В восемнадцать лет в ситуации с Андреем и его пассией я бы не закрыла тихонько дверь и не пошла бы как ни в чем не бывало пить шампанское с гостями праздника. Я бы ворвалась в тот кабинет, как самум, и надавала неверному любовнику пощечин, а его подруге, не окажись она более сильной и ловкой, располосовала щеки ногтями! А если бы мне не дали продемонстрировать свою натуру столь экспрессивно и ярко, я бы показательно хлопнулась в обморок, вынуждая негодяя проявлять человеколюбие, противное его гнусной сущности! О, в восемнадцать лет я сочиняла гораздо более драматические сценарии, нежели теперь!

Теперь я просто отпускаю мужчину, не оценившего по достоинству то сокровище, которое досталось ему в моем лице и теле. Хотя за тело Андрей, вероятно, еще поборется, от этого приза он так просто отказаться не сможет…

Да, что ни говори, у закаленной и опытной бальзаковской женщины есть масса приемуществ перед чувствительной и ранимой тургеневской барышней!

Я потянулась, встала, подошла к зеркалу и чокнулась со своим отражением золотым кубком.

– Ваше здоровье! – иронично произнес приятный мужской голос.

Я повернула голову.

В дверях, которые торопыга Санчо не потрудился плотно закрыть, стоял невысокий коренастый молодой человек в потертых джинсах и спортивной куртке. Лицо у него было как у сказочного работника Балды: широкое, открытое и насмешливое – идеальное для практики кулачного боя.

– Вы к кому, сударь? – холодно спросила я.

Низкорослые курносые блондины квадратного телосложения – не мой тип мужчины.

– К вам, Анна Ивановна, к вам! – уверенно ответил Балда и без приглашения внедрился в мой кабинет.

Гостевой диван скрипнул, возражая против такой наглости, но его протест не был услышан. Незваный гость правой ручкой похлопал по дивану, приглашая меня присесть, а левой вытянул из кармана удостоверение:

– Лейтенант милиции Петров, УВД Центрального округа! Семен Аркадьевич очень просил меня зайти к вам и поделиться оперативной информацией.

Под мышкой у лейтенанта была плешивая папка из кожзаменителя. Открыв ее, он продемонстрировал исписанный от руки лист бумаги и прокомментировал:

– Это заявление гражданки Тарасовой Тамары Николаевны об исчезновении ее дочери, тоже гражданки Тарасовой, только Марины Ивановны. Данное заявление было принято вчера вечером, и к настоящему времени по нему уже получена кое-какая информация, а именно, нам известно следующее…

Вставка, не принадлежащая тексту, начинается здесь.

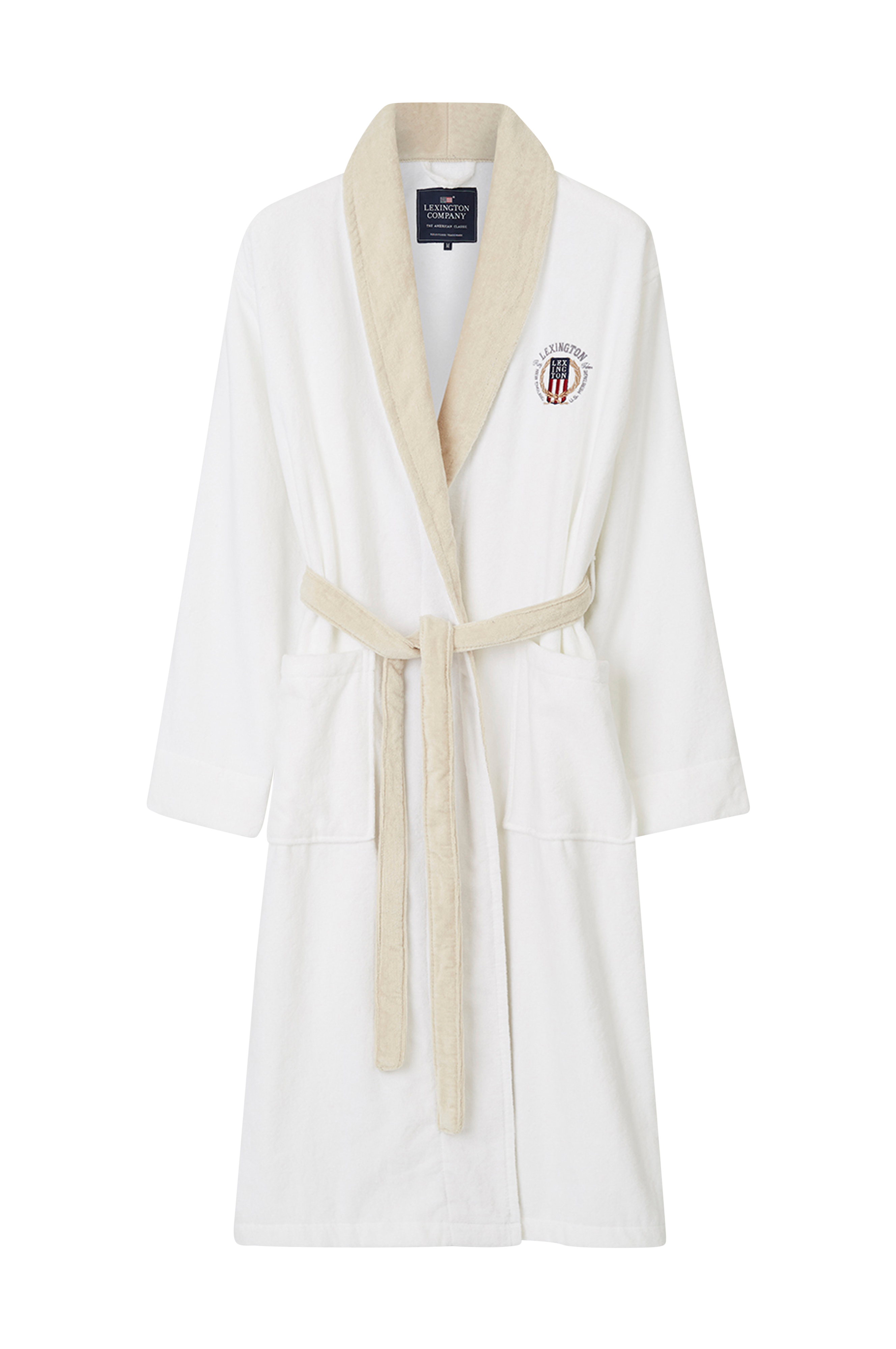 Blød badekåbe i skøn bomuldsvelour med matchende bælte i taljen og broderet Lexington-logo. Denne badekåbe er i unisex-model og har kontrastfarvet krave og lommer foran.
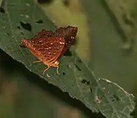 Male upperside is vinaceous (colour of red wine) brown, the veins ochraceous brown. Forewings and hindwings crossed by four series of minute white spots, the postdiscal series very often obscure, each spot bordered inwardly by a more or less elongate black spot; a terminal very slender black line; cilia alternately black and white. Underside is bright ochraceous brown, the veins conspicuously paler, the white black-bordered spots as on the upperside but larger, more clearly defined and prominent. Antennae brown ringed with white; club black, ochraceous at apex; head, thorax and abdomen concolorous with the wings; beneath, the palpi, thorax and abdomen slightly paler than the wings.
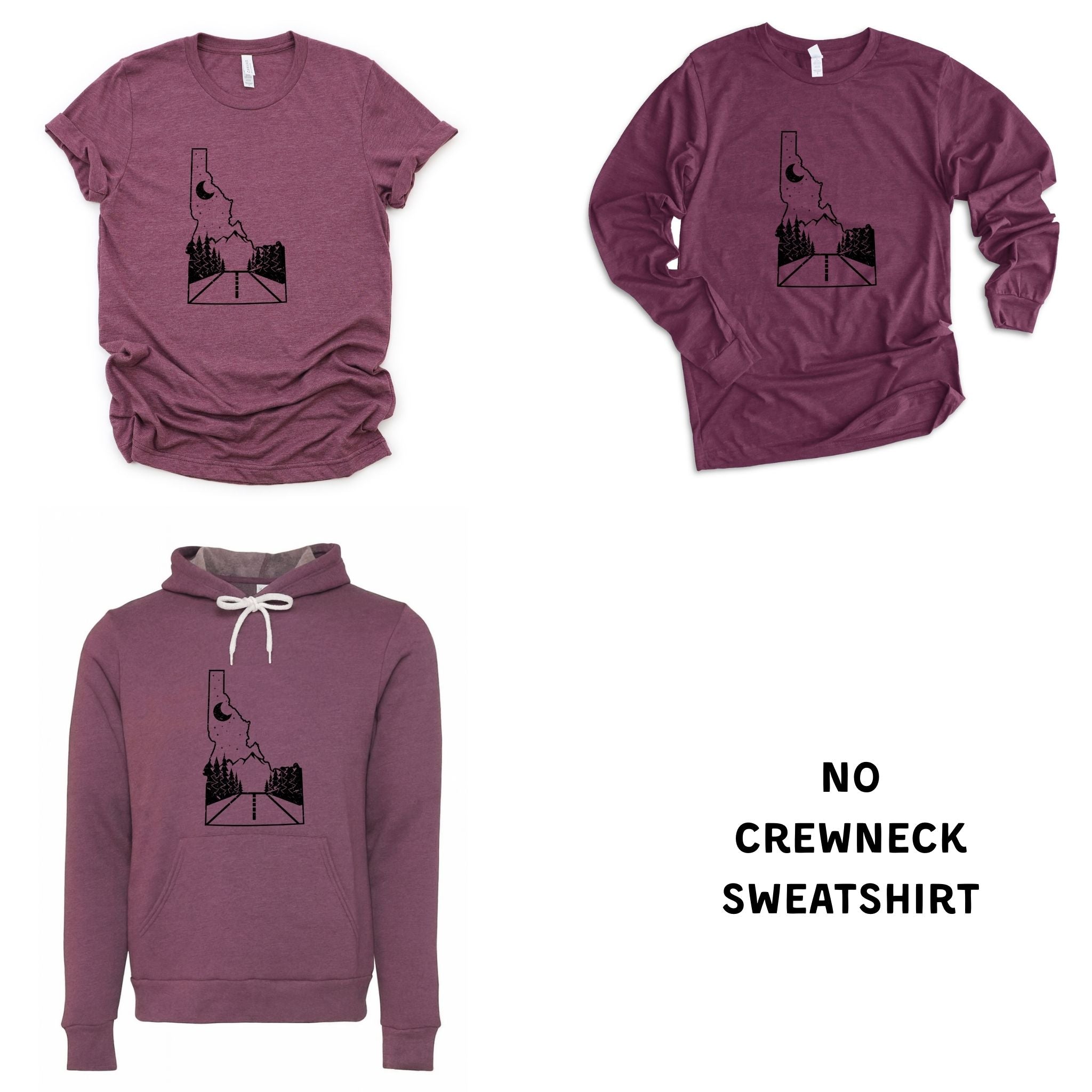 Idaho Road TShirt | Long Sleeve | Crewneck Sweatshirt | Hoodie | Unisex Fit

Говорил лейтенант скучно, монотонно, как деревенский дьячок, однако меня сказанное им весьма заинтересовало. Я послушно присела на диван и внимательно выслушала милицейский доклад.

Из него следовало, что Марина Тарасова вышла из общежития педагогического института в пятницу вечером, около семи часов. Точное время тетка-вахтерша не запомнила, потому что по долгу службы обязана следить только за входящими. А на выходящих она обращает внимание по личной инициативе и лишь в особых случаях. К счастью, тем вечером Марина Тарасова как раз и была особым случаем, ибо до сих пор вахтерше никогда не доводилось видеть эту скромную девушку в вызывающе дорогой обуви на шестидюймовых каблуках.

Зрелище было необычное, и любопытная вахтерша насладилась им сполна, привстав со стула и проводив грациозно покачивающуюся на шпильках Марину долгим взглядом до самого выхода. Широко распахнувшаяся дверь позволила вахтерше увидеть у крыльца грузную мужскую фигуру в черном и машину такси с логотипом в виде старинной кареты.

В службе такси «Дилижанс» достаточно быстро нашли машину, которая приняла крупного мужчину в черном пальто на улице, потом заехала за второй пассажиркой к общежитию педагогического института и затем без остановок доставила пару в аэропорт. Водитель точно помнил, что высадил пассажиров у здания аэровокзала международного сообщения.

На внешних авиалиниях в пятницу вечером по расписанию было всего три полета: Дубай, Ницца и Стамбул. Ни на одном из этих рейсов грузного мужчину в неприметном черном работники аэропорта не запомнили, а вот тщеславную дурочку, которая отправилась в дальнюю дорогу в модельных туфлях на запредельно высоких каблуках, заметили чуть ли не все сотрудницы женского пола.

Дурочка улетела в Ниццу.

– Та-ак! – протянула я.

Уже на этой стадии лично для меня кое-что прояснилось. Стало понятно, почему Семен Аркадьевич адресовал свою добрую подругу Тамару именно ко мне!

Вот уже несколько лет подряд в самом начале марта я на неделю-другую улетаю в Ниццу, спасаясь от сезонной депрессии.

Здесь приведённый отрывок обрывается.